◆ **Task instructions**
Find the line with "Das Design orientiert" and the line with "Carter’s Just One" in the entries below; output exactly those two lines, every line between them, and no others.

◆ **Provided data**
Content starts
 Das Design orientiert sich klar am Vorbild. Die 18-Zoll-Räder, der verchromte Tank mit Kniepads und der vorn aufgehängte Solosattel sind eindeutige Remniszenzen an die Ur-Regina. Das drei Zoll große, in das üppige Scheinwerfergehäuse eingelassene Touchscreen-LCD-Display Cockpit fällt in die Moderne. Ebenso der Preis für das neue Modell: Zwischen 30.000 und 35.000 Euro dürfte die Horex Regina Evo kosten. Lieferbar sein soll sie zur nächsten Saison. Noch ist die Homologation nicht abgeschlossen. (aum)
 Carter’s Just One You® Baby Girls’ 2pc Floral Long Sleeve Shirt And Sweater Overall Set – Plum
Content ends
Content starts
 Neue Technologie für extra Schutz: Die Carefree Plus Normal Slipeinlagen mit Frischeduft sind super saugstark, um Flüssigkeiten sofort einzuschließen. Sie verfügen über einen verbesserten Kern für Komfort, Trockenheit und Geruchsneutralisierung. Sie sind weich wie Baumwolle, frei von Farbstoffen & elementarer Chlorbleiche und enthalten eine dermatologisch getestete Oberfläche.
Content ends
◆ **Answer for the task**
 Das Design orientiert sich klar am Vorbild. Die 18-Zoll-Räder, der verchromte Tank mit Kniepads und der vorn aufgehängte Solosattel sind eindeutige Remniszenzen an die Ur-Regina. Das drei Zoll große, in das üppige Scheinwerfergehäuse eingelassene Touchscreen-LCD-Display Cockpit fällt in die Moderne. Ebenso der Preis für das neue Modell: Zwischen 30.000 und 35.000 Euro dürfte die Horex Regina Evo kosten. Lieferbar sein soll sie zur nächsten Saison. Noch ist die Homologation nicht abgeschlossen. (aum)
 Carter’s Just One You® Baby Girls’ 2pc Floral Long Sleeve Shirt And Sweater Overall Set – Plum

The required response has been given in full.